By Alejandra Gonzalez

During the late 19th and early 20th centuries, feminism placed an emphasis on cultural battles. Art had an important role that allowed women were allowed to express their experiences freely to show the world they’ve been ignored for too long. The most powerful tool to express their struggles as women is nonetheless through art in all it’s forms. Women were able to reclaim what had deemed them as less. Since it was men who painted women were often misinterpreted objects in the cultural art world. Although there’s no doubt some of them are world’s greatest artworks, it was time to bring to light the achievements of women in the field.

Despite the little spotlight on women’s work there are, a few notable works/artists: for example;  Linda Nochlin, an art historian, questioned through her article’s title Why Have There Been No Great Women Artist? The answer likely lies in the fact that women are neglected as artists. In 1964 Yoko Ono performed her Cut Piece. She had sat on the floor in a traditional, passive Japanese pose and let complete strangers cut pieces of her clothes until she was naked. This act was loudly protesting violence against women and it was the first of its kind to cry out for women’s rights. While challenging the domestic roles expected of women, Mierle Laderman Ukeles, the “maintenance artist” as part of her Maintenance Art manifesto, performed in an art gallery by cleaning it in 1969. 

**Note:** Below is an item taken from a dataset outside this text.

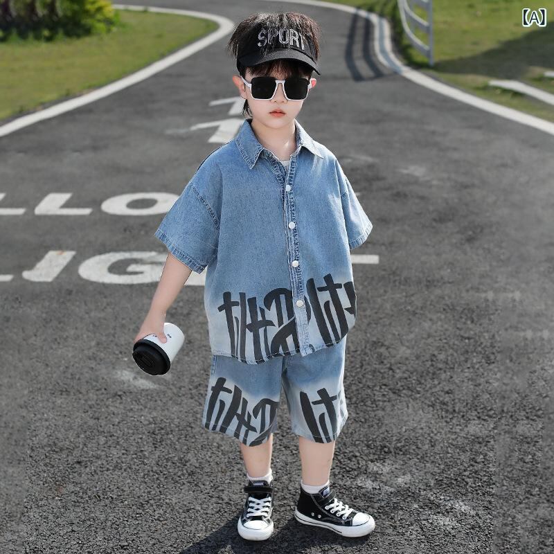 キッズ セットアップ 子供服 男の子 シャツ & デニムパンツ 2点セット 夏 薄手 半袖 カジュアル ボーイズ 上下セット
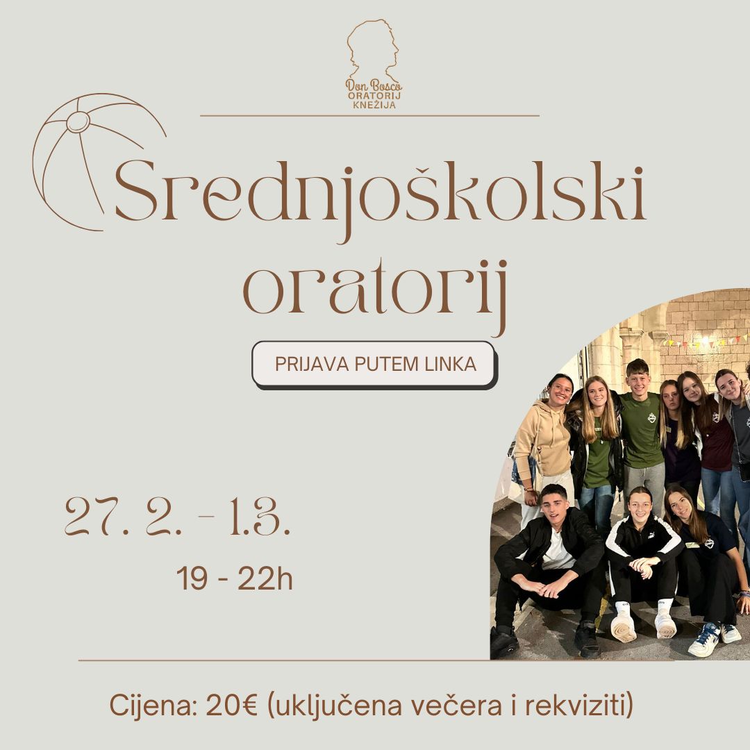 S radošću vam najavljujemo ovogodišnji zimski oratorij za srednjoškolce koji će se održati od 27. veljače do 1. ožujka od 19 do 22 sata.

With a few named works, women changed the political culture that revolve important issues through the use of art. Their artistic work continues to inspire new generations of young women artists and fighters for women’s rights, while bringing issues to light in creative ways that did get attention internationally and is still talked about today. It is fair to say that the impact of feminism certainly improved the status of women’s rights, even though there is still more to be done.